The main focus of GATE is on the dynamics in the leadup towards full automation, and it is likely to make poor predictions about what happens close to and after full automation. For example, in the model the primary value of training compute is in increasing the fraction of automated tasks, so once full automation is reached the compute dedicated to training falls to zero. However, in reality there may be economically valuable tasks that go beyond those that humans are able to perform, and for which training compute may continue to be useful.
Why don’t the model predictions for GWP growth, capital stock, or compute investment match the values of today?
The GATE model uses gradient descent to solve for the optimal allocation of investments and compute, in order to maximize a utility function. The predicted investments near the start of simulations can therefore be quite different from those observed today.
Does GATE take a stance on which tasks will be automated first?
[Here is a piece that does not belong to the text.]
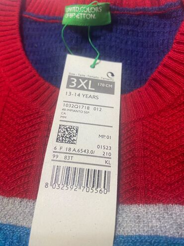 BenettonYeni.Hediyye qutusunda .13-14 yaşlı Oglan üçün sviter Benneton 3xl (170 boy) .Hədiyyə üçün 70 azn alınıb,lakin razmer uygun olmayıb.Öz qiymətindən aşagı satılır.
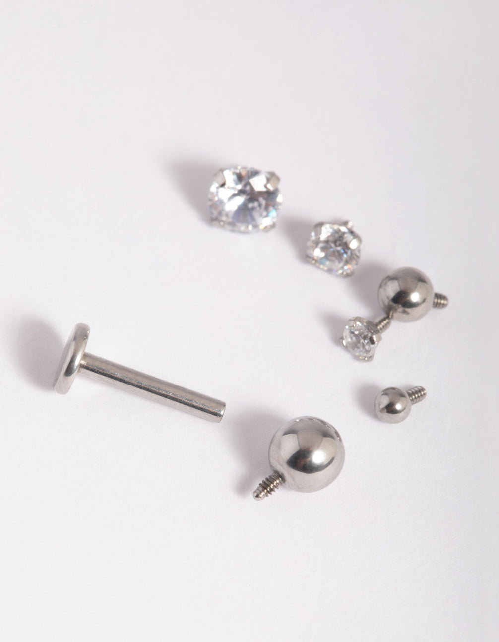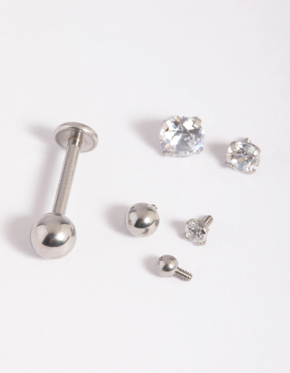 Switch up your style effortlessly with this Surgical Steel Single Flat Back Bar with Interchangeable Cubic Zirconia & Polished Interchangeable Ends Pack. This clever jewellery set includes one durable surgical steel flat back bar and six interchangeable screw-on ends, giving you endless versatility in one sleek design. From shimmering cubic zirconia crystals to polished finishes, you can mix and match to create a look that’s uniquely yours.

In the model we consider an abstract task space including all economically useful tasks, including both cognitive and physical tasks. However, in GATE we do not take a stance on which tasks are likely to be automated first. Instead, GATE only assumes that there is a fixed spectrum of tasks that require progressively more effective compute at training and inference to be automated. We do not consider bottlenecks inherent to specific tasks, such as physical tasks that require robotics.
Why is the initial fraction of automated tasks nonzero?
We do this so that the initial value of runtime compute is nonzero. Instead, we calibrate the initial fraction based on the current share of GWP that is allocated to runtime compute, which results in approximately 10% of tasks being initially automated.